Заодно переоделась, выдохнула, прихватила нашатырный спирт. Лето на дворе, а меня колотит как в ноябре.

* * *

Пациент приходил в себя тяжело и долго.

– И снова здравствуйте, Михаил Борисович! – с неестественным восторгом улыбнулась я.

– Вы? – просвистел он.

– Я. – промокнула его губы влажным полотенцем. – На этот раз Вы весьма экстравагантно меня навестили.

Он пошевелился и поморщился.

– Что? – он приподнял простынь, которой был укрыт и даже немного покраснел, соотнеся недостаток одежды и мое присутствие рядом.

– Ножевое ранение. Вроде бы без повреждений внутренних органов. Вас зашили, обработали, перевязали. Денек полежите – и вставать начнем.

– Кто? – и смотрит на меня. А я почем знаю, кто тебя так отутюжил?

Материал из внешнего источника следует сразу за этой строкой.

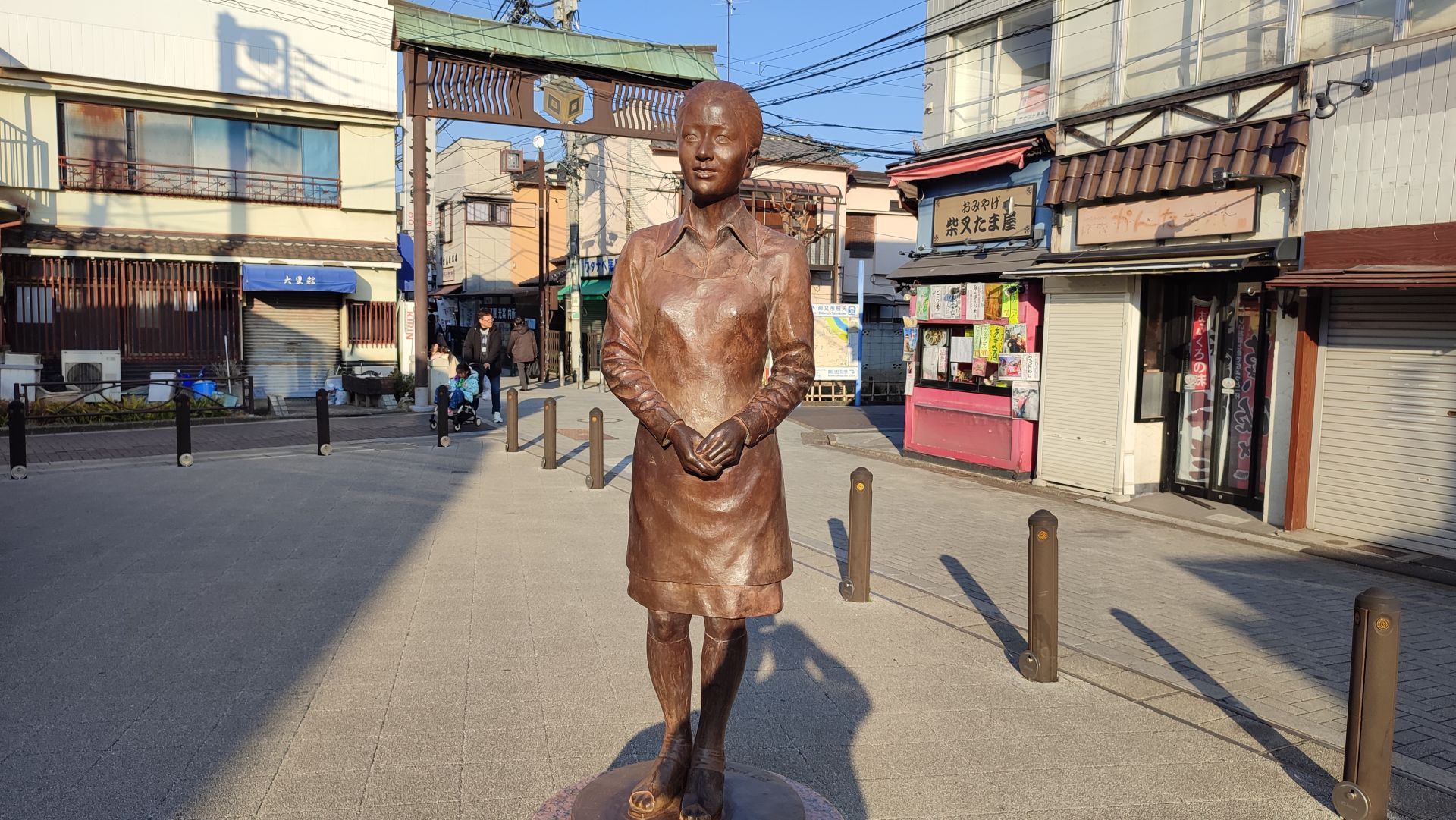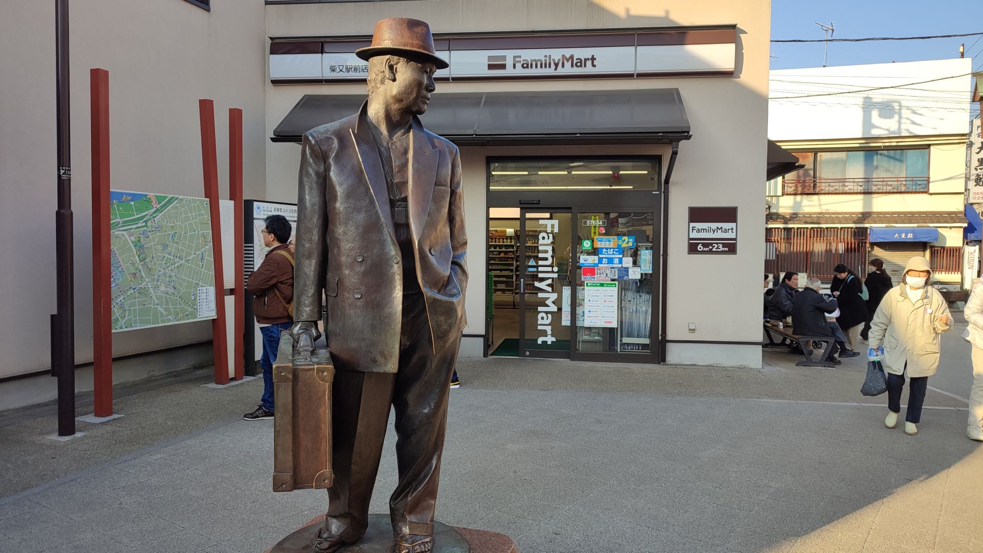 首先映入眼簾的,就是戴帽、提皮箱的銅像——《男はつらいよ》主角「寅次郎」。他彷彿依舊在旅途中歸來,笑著迎接訪客。
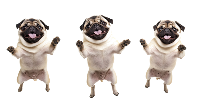Funny pug dog looking up with paws raised isolated on transparent background

– Сюда Вас кучер довез, которому Вы письмо для меня передавали…

– Л-лечил кто?

– А вот об этом лучше не спрашивайте. – я протянула ему стакан с водой, который он жадно выпил и провалился в сон.

Прелесть этого времени в том, что опиаты продаются совершенно свободно и запасы морфия можно скопить убийственные.

Я сама уснула и проспала до обеда, доверив пациента заботам Устиньи и Демьяна. Перекусила, привела себя в божеский вид и отправилась в аптеку за двумя жуткими, но крайне нужными вещами.

– Сударыня, но это для клиники отложено…

– Двойная цена.

И кружка Эсмарха вместе с судном оказались у нас дома. Что-то мне подсказывало, что подобного с моей стороны Тюхтяев не допустит, так что пришлось обучать Демьяна нехитрым манипуляциям. И если насчет судна он все понял быстро, то с клизмой дело стопорилось. Так вдвоем и пошли.

– Михаил Борисович, тут такое дело… Насчет надобностей Ваших – зовите Демьяна. А к ночи нужно кишечник промыть.

– Нет! – твердо заявил пациент.

– Да.

Мы еще немного перепирались и доторговались до того, что я могу прикинуться сестрой милосердия, и тогда это уже попроще будет. От такой перспективы пациент согласился на любые процедуры в исполнении Демьяна.

Тюхтяев все переживал, что доктор мог доложить начальству о ранении, и тогда не получится все скрыть.

– Не доложит. – бескомпромиссно заявила я.

– Вы не понимаете, есть инструкции, порядки. Я сам их составлял. – и ладно, в мое время тоже врачи обязаны докладывать обо всех ножевых и огнестрелах. И некоторые даже так поступают. Некоторые.

– Доктор теперь вообще ни с кем говорить не будет. – попробовала я успокоить раненного чиновника, но неудачно подобрала слова.

– Вы его убили? – охнул пациент.

– Нет, конечно, куда ж я без Вас бы труп спрятала? – забавный он, все-таки.

* * *

На второй день мы кое-как поставили нашего героя на ноги. Он морщился, но мог передвигаться, а повязка почти не кровоточила, и это меня несказанно радовало. При перевязке, которую тоже пришлось отстаивать с боем, пациент попросил зеркало и внимательно всматривался в мою работу.

– Мне так раньше не зашивали раны. – проговорил он после долгого молчания. – Новая методика какая-то?

– Вроде того. – я тщательно промазывала края зеленкой.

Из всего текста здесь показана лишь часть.